The media is full of Cameron’s broken society, for which apparently the evidence is now incontrovertible following the appalling case of the little boys from Doncaster. Much has also been made of the parallel between Cameron’s use of this case, and Blair’s use of the Bulger case from the 1990’s. Both politicians have attempted to extrapolate from one terrible event to lessons about a society trundling headlong in a hell-bound handcart, whose course only their policies can halt. A moment’s thought reveals both the danger and the impossibility of drawing universal conclusions from single incidents, but I think it’s equally facile to bemoan the use of such cases as “political footballs”. What the incidents reveal is not of course a causal link between them and the social problems the politicians decry, still less a link between those problems and the governing party’s policies. Rather they reveal the pre-existing sense of cause and effect that was already in the politician’s head. Blair used the Bulger case to illustrate his thesis that broad social policy creates economic determinants, whilst for Cameron it’s that broad social policy creates moral determinants. If you are generally sympathetic with the “leftist” emphasis on economic and societal causation, you probably didn’t criticise Blair’s reference to the Bulger case as making it into a political football, whereas if your view is more consonant with the “rightist” emphasis on personal moral responsibility you probably did. And vice versa now with Doncaster. It’s much easier to get exercised about politicians’ use of topical incidents than it is to think through where we stand on complex and difficult problems. It’s not the politicisation that’s dangerous; rather it’s the simplification of complexity and its reduction to slogans.

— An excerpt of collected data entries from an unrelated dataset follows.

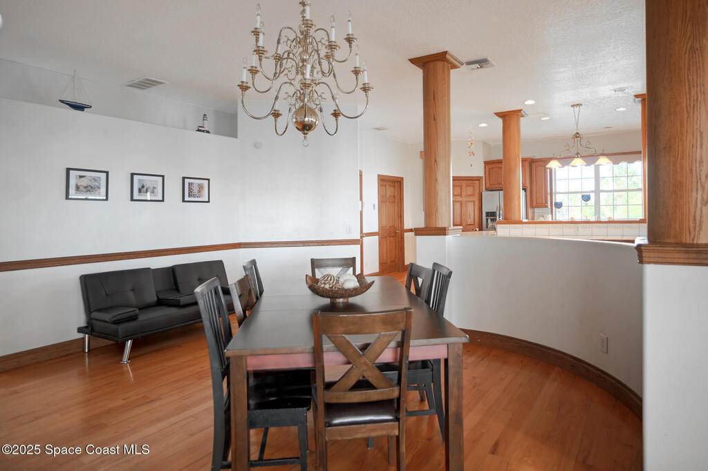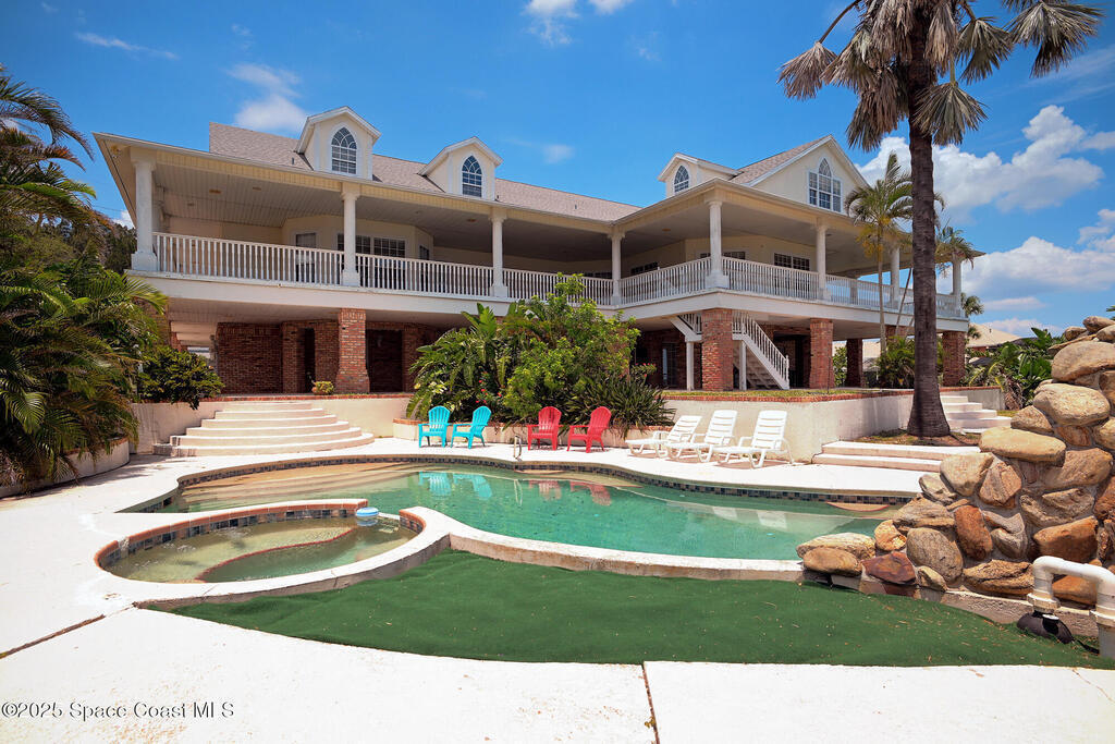 Discover the ultimate waterfront estate on the Indian River, blending luxury and versatility across three stories. Expansive 8-bedroom, 7-bath home features 2 private suites on the first floor w/ multiple kitchens, perfect for multi-generational living or entertaining. Grand great room and gourmet kitchen with massive island flood the space with natural light + river views. Solid oak cabinetry and floors. Primary suite boasts a large bathtub + separate shower, while the 3rd floor offers 3, 000 sq ft of customizable space--ideal for a primary retreat or office. A wrap-around balcony provides breathtaking vistas and seamless indoor-outdoor living. Situated on over an acre w/ 135 ft of river front. Enjoy outdoor kitchens, a heated pool, and ample parking in the attached and detached garages. Conveniently located near beaches, I-95, Patrick Space Force Base, Viera shops and fine dining, this estate offers a serene lifestyle. Third floor is not furnished. Pets considered on case base basis.
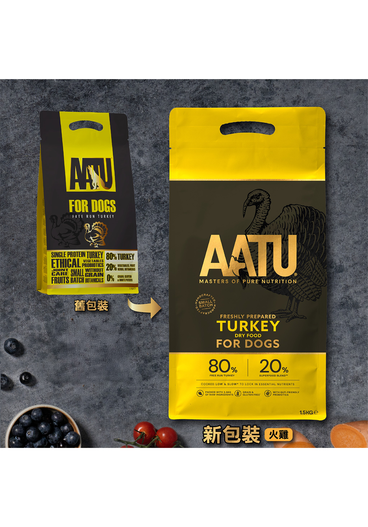 成分 80% 火雞肉 (包括65%新鮮火雞肉、13%脫水火雞肉、2%新鮮火雞湯) 豌豆(8.5%)、蕃薯(3%)、鷹嘴豆(3%)、蘋果(3%)、礦物質、蔬菜汁 、雞油、馬鈴薯蛋白、三文魚油、木薯、水果和草藥混合物(紅莓、 梨子、藍莓、桑椹、紅蘿蔔、番茄、菊苣、番芫茜、薄荷、螺旋藻、海藻 、牛至、鼠尾草、馬鬱蘭、百里香、甘菊、玫瑰果、蕁麻、絲蘭、金盞花 、茴香、葫蘆巴、肉桂,0.04%)、葡萄糖胺178 mg/kg、甲基磺酰甲 烷178 mg/kg、硫酸軟骨素125mg/kg 營養分析 蛋白質34%、脂肪20%、粗纖維3%、無機化合物8.5%、Omega-6 3.25%、Omega-3 0.4%
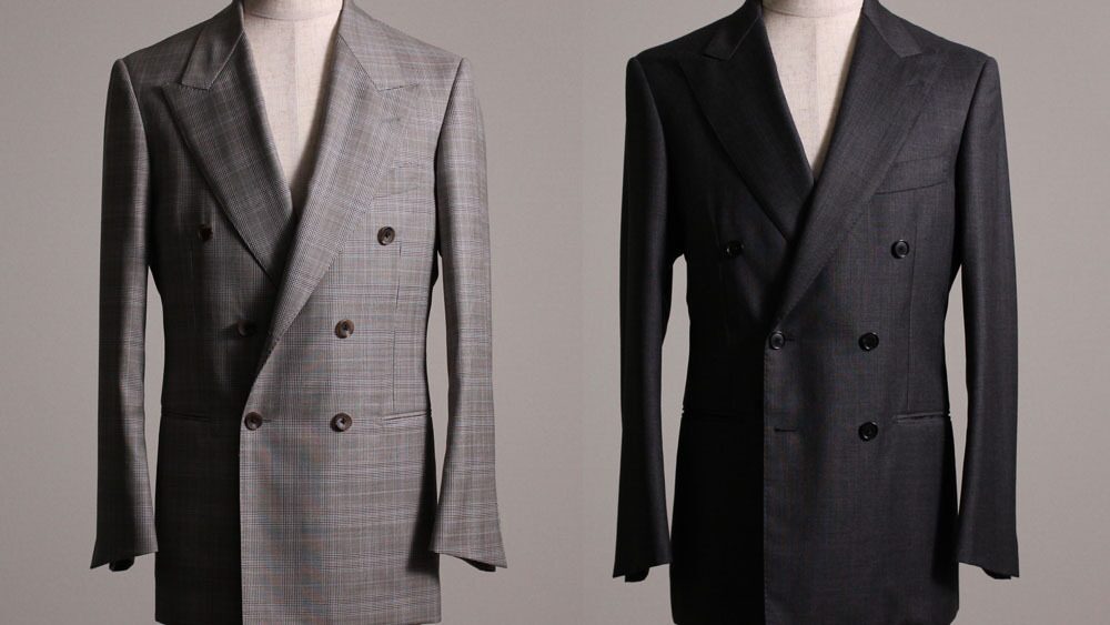 また、同じ3つボタン上2つ掛けでも、元々のVゾーンが狭いものと、比較的広いものがあり、狭いものは、お直しによって広くすることで、一般的な3つボタン段返りに近い印象にすることが出来ますが(上の写真の黒のスエードジャケットの例)、
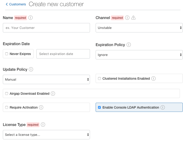 When you create a license you’ll need to assign it to at least one release channel. Stable channel is intended to be used for production installations. Unstable and Beta channels are intended for internal testing. More about release channel management.
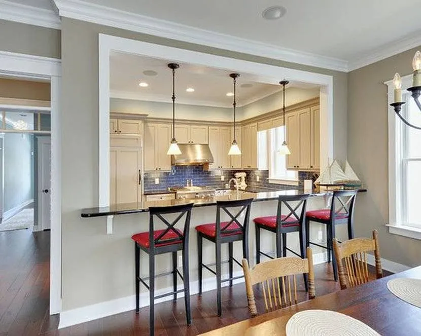 Открытый проем. Саамы простой и бюджетный способ, обеспечивающий нужную инсоляцию и циркуляцию воздуха. Подходит, если готовка для вас лишь хобби, или если вы озаботились установкой мощной вытяжки в зоне готовки. Иногда проем оформляется в виде арки, что актуально в некоторых дизайнерских стилях.
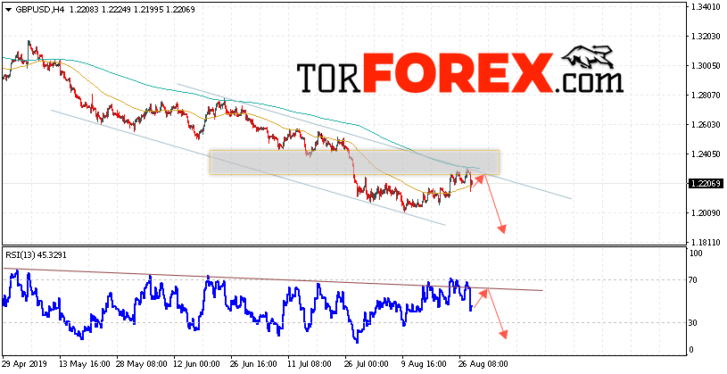 Валютная пара Фунт Доллар GBP/USD продолжает движение в рамках коррекции и нисходящего канала. Котировки показали отскок от верхней границы канала. В момент публикации прогноза курс Фунта к Доллару США на Форекс составляет 1.2206. Скользящие средние указывают на наличие краткосрочной медвежьей тенденции. На данный момент стоит ожидать попытку очередного роста курса и тест области сопротивления вблизи уровня 1.2305. Откуда вновь стоит ожидать отскок и продолжение падения Британского Фунта против Доллара США. Целью нисходящего движения валютной пары, в рамках Форекс прогноза на 29 августа 2019 года, выступает область на уровне 1.1825.
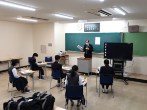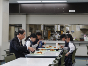 この日は、学校概要紹介から始まり、校内ツアー、部活動体験(射撃部)、学食体験と盛りだくさんな半日。
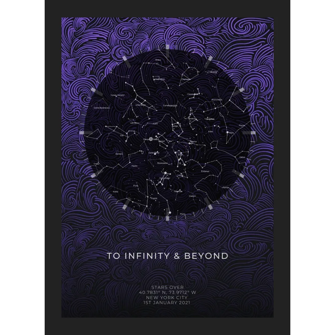 Crafted with creativity, the violet star map alignments are set against a swirling backdrop of royal violet and dark hues, offering a quirky take on the intricacies of the celestial artwork.
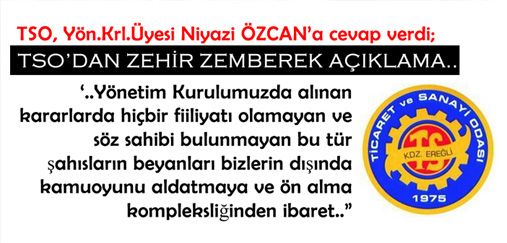 TSO Yönetim Kurulu Üyesi ve Ereğli Mücadele Platformu sözcüsü Niyazi Özcan'ın dün TSO; Erdemir ve Belediye Yönetimi için yaptığı açıklamara bugün TSO'dan zehir zemberek bir yanıt geldi.
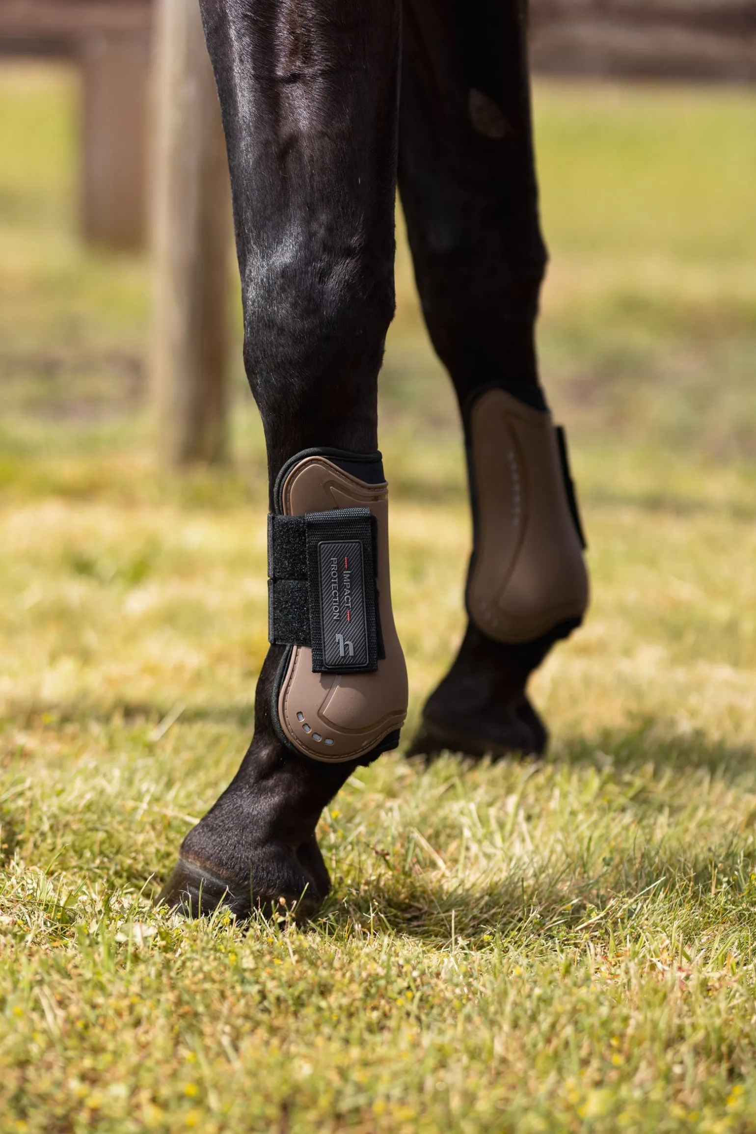 Diese innovativen Springgamaschen kombinieren Schutz, Komfort und eine sportliche Optik. Das Bambus-Kühlgewebe sorgt für eine optimale Temperaturregulierung und hält die Pferdebeine angenehm kühl. Die robuste PU-Schale ist mit Belüftungsöffnungen ausgestattet, um eine optimale Luftzirkulation zu gewährleisten. Ein stilvolles Logo-Detail auf dem Verschlussriemen rundet das Design ab. Ideal für Training und Wettkampf, bieten diese Gamaschen eine perfekte Kombination aus Funktionalität und Stil.
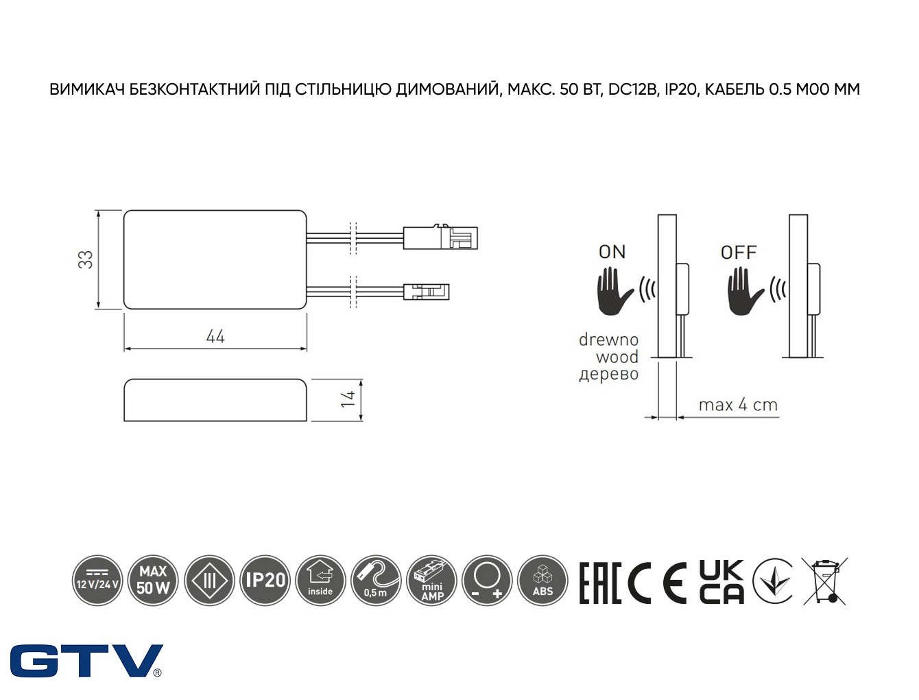 Вимикач безконтактний під стільницю димований, макс. 50 Вт, DC12В, IP20, кабель 0.5 м
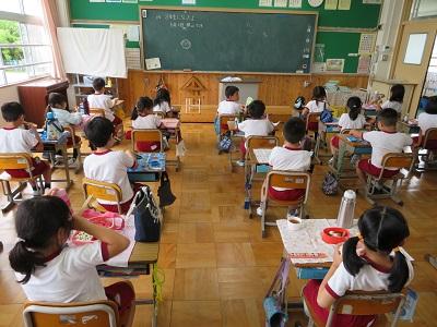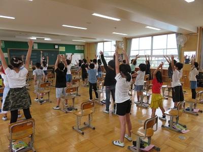 蒸し暑く、じめじめしていていましたが、午後の授業も子どもたちは集中していました。音楽の授業では、音を聴き、体を動かして音を感じました。
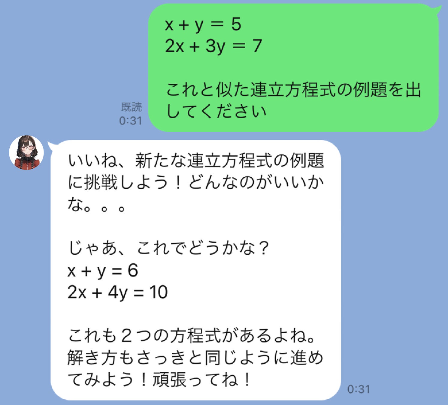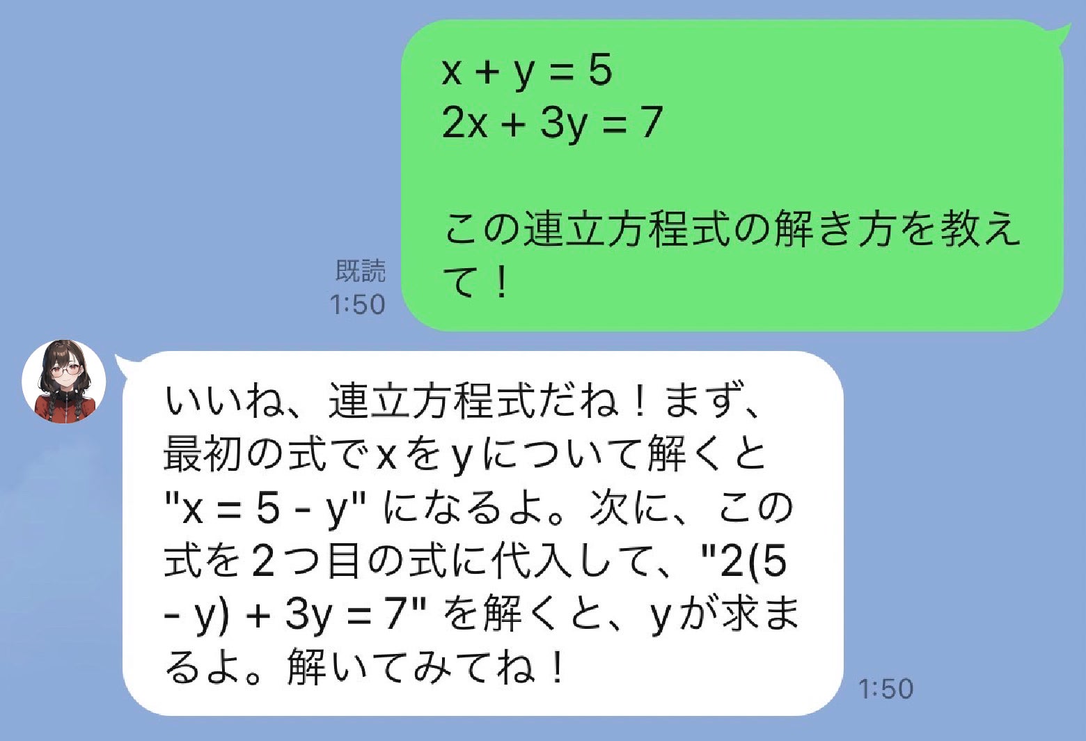 「AI先生『まなび』」は、中高生向けのAI家庭教師を提供するLINE botで、ユーザーはチャットを通してわからない問題を質問したり、例題を出題してもらったりできます。

Whenever extreme crimes burst into the media spotlight, especially crimes committed by children, we are always invited to demonise. The Mail can’t quite bring itself to decide between its love of the monster soubriquet and its contempt for “bad parents”, so its headline today screams for the “monsters’ parents to be prosecuted”. Its solution to the dichotomy of this post’s title is simply to replace “or” with “and”. Monsters in their own right, and victims of feckless and incompetent parenting. Two lots of demons for the price of one. That wasn’t quite the resolution to the dichotomy that I had in mind. I don’t want to choose between the categories of monster and victim, nor do I want hedge my bets and embrace both. Rather, I want to reject them both.
There is a spectrum between “monster” at one end and “victim” at the other. At the monster end it’s all about moral turpitude and intrinsic evil in which the perpetrators are seen as simply and wholly responsible for their actions. At the victim end it’s all about a deterministic, mechanistic working out of cause and effect in which individual responsibility is an illogical illusion. Neither is remotely satisfactory as an explication. Saying that both are true as the Mail seems to be doing merely doubles the dissatisfaction. These children are neither monsters nor victims. They are rather battlegrounds in which impulses rage as they do in all of us. An understanding of why in these two particular individuals the mechanisms for dealing with unruly and contrary impulses did not develop, at least not sufficiently, is not something that you or I can acquire since we don’t know enough about them or their personal histories. Substituting for that understanding a false choice between monster and victim gets us nowhere.
Of one thing I’m certain. If it is ever possible for those with access to these two boys to work out what has gone wrong with their development, it will undoubtedly transpire that the causes and the effects are intricately intertwined and impenetrably complex. And they’ll surely include both moral and social elements, but not as facilely presented either by Blair or by Cameron.